● **SOURCE DATA**
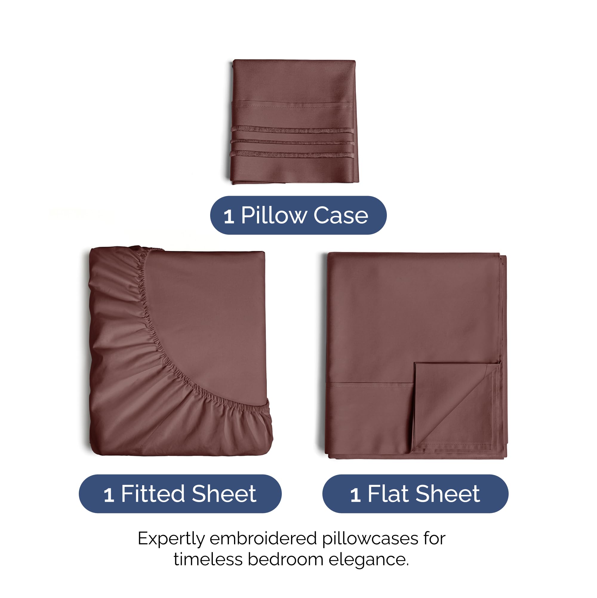 Juego de sábanas 3 piezas tamaño Twin XL – -Russet Oscuro
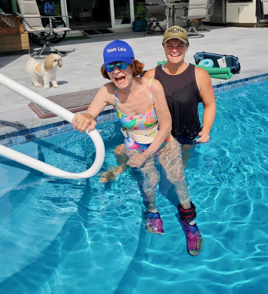 In March of 2025, Lola suffered a stroke while doing yoga in her home. Her stroke affected her left side strength, sensation and coordination. She had difficulty sitting upright, maintaining attention, visually scanning across a room and coordinating functional movements. I feel incredibly lucky to have met Lola on her first morning in rehab. Her humor, motivation, love and compassion was evident in each session she shared with me and the other therapists. Her passion for the water and movement was clear. She and her husband, Rico, shared stories about their times in the Keys, diving, running (and winning races), planting coral and simply enjoying life in the water. Rico and I had a conversation at the rehab, soon before discharge. He told me how he and Lola would love to have her participate in aquatic therapy in the future. I was eager to share that I was recently aquatic therapy certified and that Lola should keep in touch, who knows what the future could hold! Lola continued to work tirelessly in rehab in order to return home.
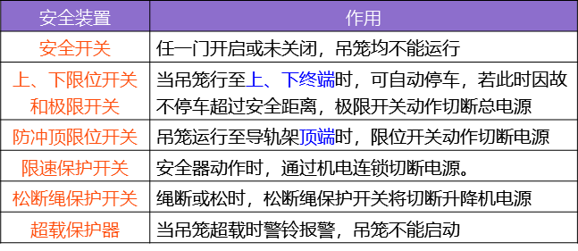 安全装置。安全装置由各种安全开关及其他控制件组成。吊笼上装有上、下限位开关和极限开关,当吊笼行至上、下终端时,可自动停车,若此时因故不停车超过安全距离,极限开关动作切断总电源,使吊笼制动。
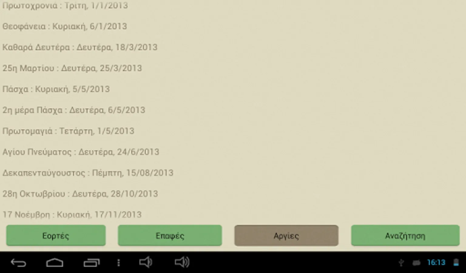 ✓ Εμφανίζει τις εορτές και τις αργίες του έτους σταθερές και κινητές.
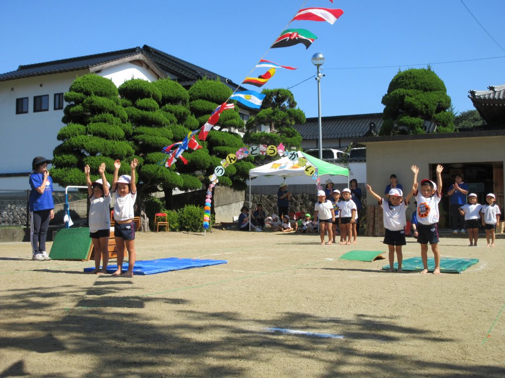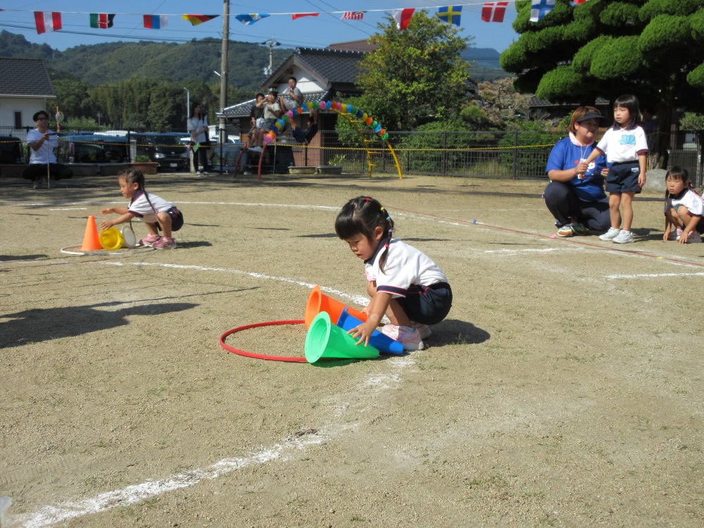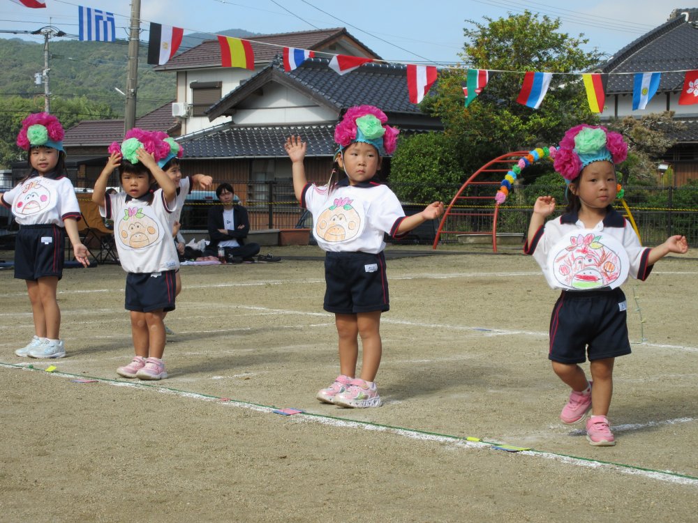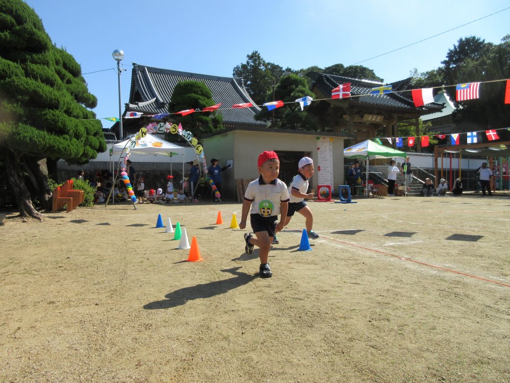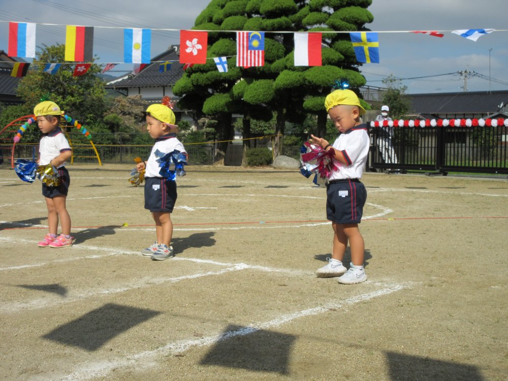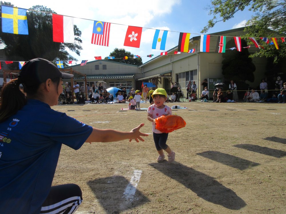 運動会をしました。少々暑くなりましたが、心配されていた雨も降らず、無事に園庭にて運動会を開催できました。今年の夏もとてもなく暑かったですが、みんな一生懸命練習してきました。小さいおともだちは誰も泣かずに、そこにいるだけでみんなのアイドル。そして大きいおともだちは失敗しても最後まで諦めることなく練習の成果を発揮していました。卒園児や保護者の競技も盛り上がって、良い運動会になりました。(保護者の皆様、御協力くださってありがとうございました。)

● **WHAT IS EXPECTED**
Return each entry exactly as it stands above, apart from any images.

● **OUTPUT OF THE TASK**
 Juego de sábanas 3 piezas tamaño Twin XL – -Russet Oscuro
 In March of 2025, Lola suffered a stroke while doing yoga in her home. Her stroke affected her left side strength, sensation and coordination. She had difficulty sitting upright, maintaining attention, visually scanning across a room and coordinating functional movements. I feel incredibly lucky to have met Lola on her first morning in rehab. Her humor, motivation, love and compassion was evident in each session she shared with me and the other therapists. Her passion for the water and movement was clear. She and her husband, Rico, shared stories about their times in the Keys, diving, running (and winning races), planting coral and simply enjoying life in the water. Rico and I had a conversation at the rehab, soon before discharge. He told me how he and Lola would love to have her participate in aquatic therapy in the future. I was eager to share that I was recently aquatic therapy certified and that Lola should keep in touch, who knows what the future could hold! Lola continued to work tirelessly in rehab in order to return home.
 安全装置。安全装置由各种安全开关及其他控制件组成。吊笼上装有上、下限位开关和极限开关,当吊笼行至上、下终端时,可自动停车,若此时因故不停车超过安全距离,极限开关动作切断总电源,使吊笼制动。
 ✓ Εμφανίζει τις εορτές και τις αργίες του έτους σταθερές και κινητές.
 運動会をしました。少々暑くなりましたが、心配されていた雨も降らず、無事に園庭にて運動会を開催できました。今年の夏もとてもなく暑かったですが、みんな一生懸命練習してきました。小さいおともだちは誰も泣かずに、そこにいるだけでみんなのアイドル。そして大きいおともだちは失敗しても最後まで諦めることなく練習の成果を発揮していました。卒園児や保護者の競技も盛り上がって、良い運動会になりました。(保護者の皆様、御協力くださってありがとうございました。)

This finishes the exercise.